De geesteswetenschappen en sociale wetenschappen zijn een complex van vele disciplines, waarvan het onderwerp van studie zowel de samenleving als geheel is als het individu als lid ervan. Deze omvatten politieke wetenschappen, filosofie, geschiedenis, sociologie, filologie, psychologie, economie, pedagogiek, jurisprudentie, culturele studies, etnologie en andere theoretische kennis.
Specialisten op deze gebieden zijn opgeleid en afgestudeerd door het Instituut voor Sociale Wetenschappen, dat een afzonderlijke onderwijsinstelling kan zijn of een afdeling van een liberale kunstuniversiteit.
Sociaal Wetenschappelijk Onderzoeksonderwerp
Allereerst verkennen ze de samenleving. De samenleving wordt beschouwd als een integriteit die zich historisch ontwikkelt en die verenigingen vertegenwoordigt van mensen die zich hebben ontwikkeld als gevolg van gezamenlijke acties en een eigen systeem van relaties hebben. Door de aanwezigheid van verschillende groepen in de samenleving kun je zien hoe onderling afhankelijk individuen van elkaar zijn.

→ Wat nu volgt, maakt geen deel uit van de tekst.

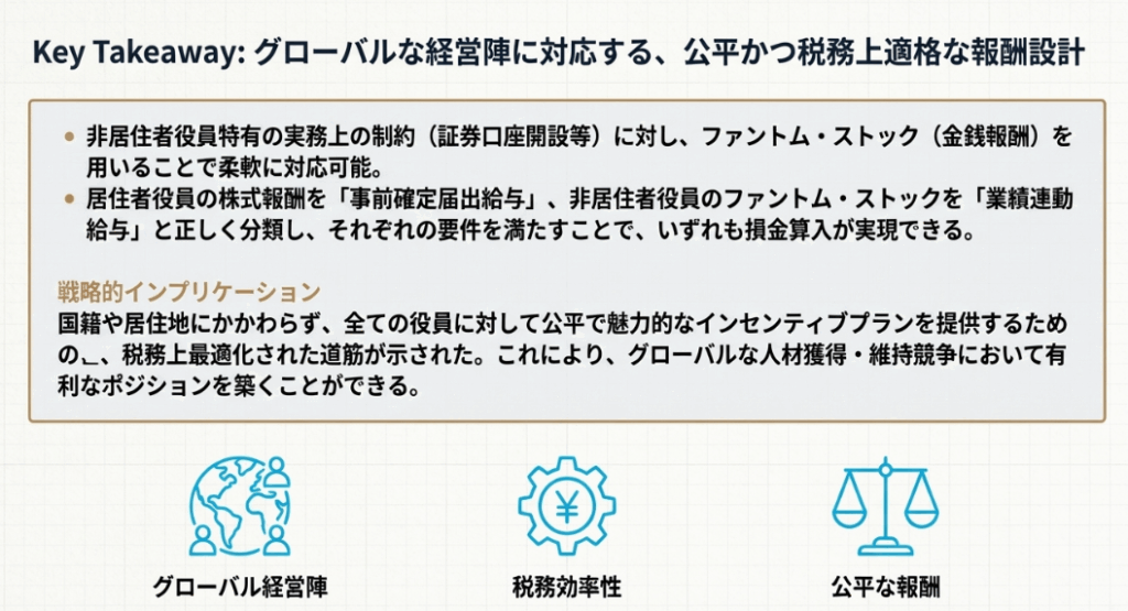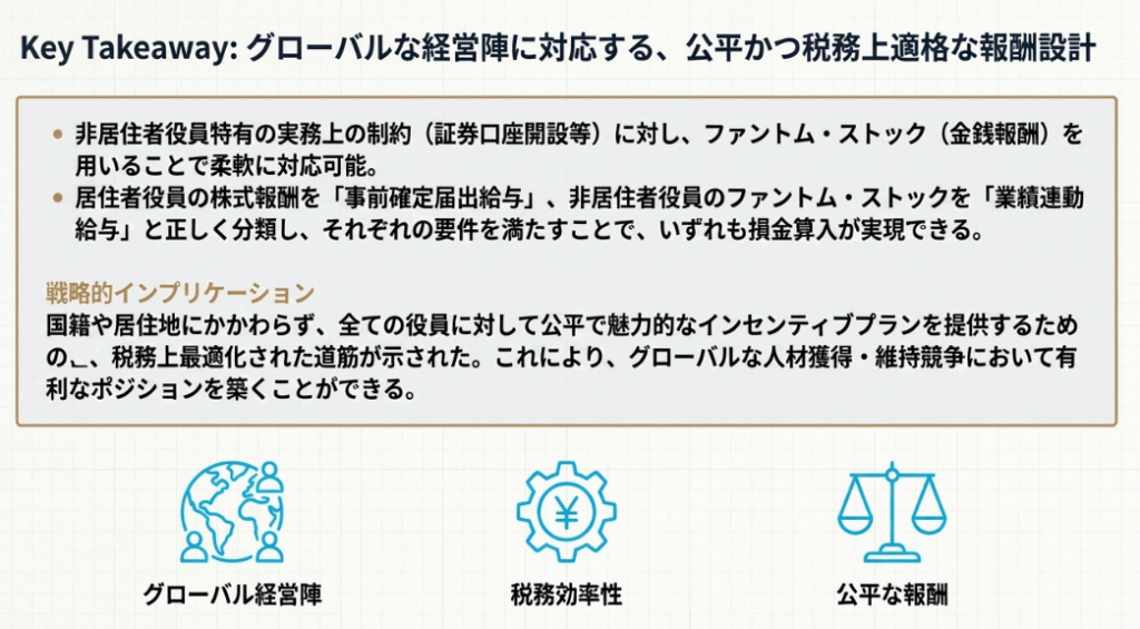 結論として、グローバルで統一されたインセンティブプランを導入したとしても、税務上は、国内居住者向けの「事前確定届出給与」と非居住者向けの「業績連動給与」という、全く異なる二つの制度を並行して管理・運用する必要があるのです。この認識が、国際的な報酬制度を成功させるための第一歩です。
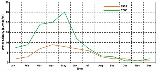 Analysis of mangrove species composition change in the Sundarbans mangrove forest shows that the areas under H. fomes and E. agallocha decreased during the study period. In contrast, the area under C. decandra, X. mekongensis and S. apelatala increased during the last 38 years. Different natural forces, such as cyclones, coastal erosion and accretion, naturally shifting hydrology, changing climate and sea level rise, have adverse effects on the Sundarbans mangrove forest (see Table 5 for the underlying mechanism of the impact of these natural forces). Increasing water salinity and immersed areas in coastal regions as a result of changing climate are set to affect the ecosystem of the Sundarbans mangrove forest. As a result, a wide range of impacts is anticipated in the Sundarbans. The availability of freshwater, water salinity, variation in drainage and the siltation process have a substantial influence on the spatial distribution of mangrove species in the Sundarbans [16]. Chaffey and co-authors [29] divided the Sundarbans mangrove forest into three ecological zones: (a) freshwater or oligohaline (north-eastern part, the dominant species is H. fomes); (b) moderately saline or mesohaline (middle southern part, the dominant species is E. agallocha) and (c) saline or polyhaline (southern part, the dominant species is C. decandra). During the last four decades, salinity has increased in the Sundarbans region. For instance, Islam and Gnauck [65] analysed the time series salinity data of the Passur River-Mongla point and reported that the salinity rate was <10 ds/m in 1968 during the dry season, while in the same season in 2003, the highest salinity rate was 25 ds/m (see Figure 6 for details). Therefore, a large variation has been observed in salinity levels during the time period of 35 years. As a consequence of increasing salinity in the Sundarbans, mesohaline areas are transforming into polyhaline areas, especially in the western and south-western parts of the forest. On the other hand, oligohaline areas are transforming into mesohaline areas. Karim [66] found approximately 60% of the western part was polyhaline, about 35% was mesohaline and less than 5% was oligohaline. Following the transformation of the ecological zones, new tree species that are more adapted to habitats with more salinity have encroached the areas that were previously occupied by other species.

Sociale wetenschappen: onderzoeksmethoden
Elkvan de hierboven genoemde disciplines past alleen daarvoor kenmerkende onderzoeksmethoden toe. Dus, politieke wetenschap, die de samenleving verkent, werkt met de categorie 'macht'. Culturologie beschouwt als een aspect van de samenleving dat waarde, cultuur en vormen van manifestatie heeft. Economie onderzoekt het leven van de samenleving vanuit het standpunt van de organisatie van het huishouden.
Voor dit doel gebruikt ze categorieën zoals markt, geld, vraag, product, aanbod en andere. Sociologie beschouwt de samenleving als een zich voortdurend ontwikkelend systeem van relaties tussen sociale groepen. Geschiedenis bestudeert wat er al is gebeurd. Tegelijkertijd probeert ze de volgorde van gebeurtenissen, hun relatie, oorzaken vast te stellen, en baseert ze zich op allerlei documentaire bronnen.
De opkomst van de sociale wetenschappen
In de oudheid waren de sociale wetenschappen voornamelijk opgenomen in de filosofie, omdat het zowel de persoon als de hele samenleving tegelijkertijd bestudeerde. Alleen geschiedenis en jurisprudentie werden gedeeltelijk gescheiden in afzonderlijke disciplines. De eerste sociale theorie werd ontwikkeld door Aristoteles en Plato. Tijdens de middeleeuwen werden sociale wetenschappen in het kader van de theologie beschouwd als kennis van het ongedeelde en allesomvattende. Hun ontwikkeling werd beïnvloed door denkers als Gregory Palamas, Augustinus, Thomas van Aquino, Johannes van Damascus.
Vanaf de New Age (sinds de 17e eeuw) zijn sommige sociale wetenschappen (psychologie, culturele studies, politieke wetenschappen, sociologie, economie) volledig gescheiden van filosofie. in het hoger onderwijsinstellingen in deze vakken openen faculteiten en afdelingen, publiceren gespecialiseerde almanakken, tijdschriften, enz.
Natuur- en sociale wetenschappen: verschillen en overeenkomsten
Dit probleem is in de geschiedenis dubbelzinnig opgelost. Zo verdeelden de volgelingen van Kant alle wetenschappen in twee soorten: die welke natuur en cultuur bestuderen. Vertegenwoordigers van een trend als de 'levensfilosofie' stelden over het algemeen een scherp contrast tussen de geschiedenis en de natuur. Ze geloofden dat cultuur het resultaat is van de spirituele activiteit van de mensheid, en het kan alleen worden begrepen door de waarden van mensen uit die tijdperken, de motieven van hun gedrag, te ervaren en te realiseren. In het huidige stadium staan sociale wetenschappen en natuurwetenschappen niet alleen tegenover elkaar, maar hebben ze ook aanknopingspunten. Dit is bijvoorbeeld het gebruik van wiskundige onderzoeksmethoden in de filosofie, politicologie, geschiedenis; toepassing van kennis uit de biologie, natuurkunde, astronomie om de exacte datum vast te stellen van gebeurtenissen in het verre verleden.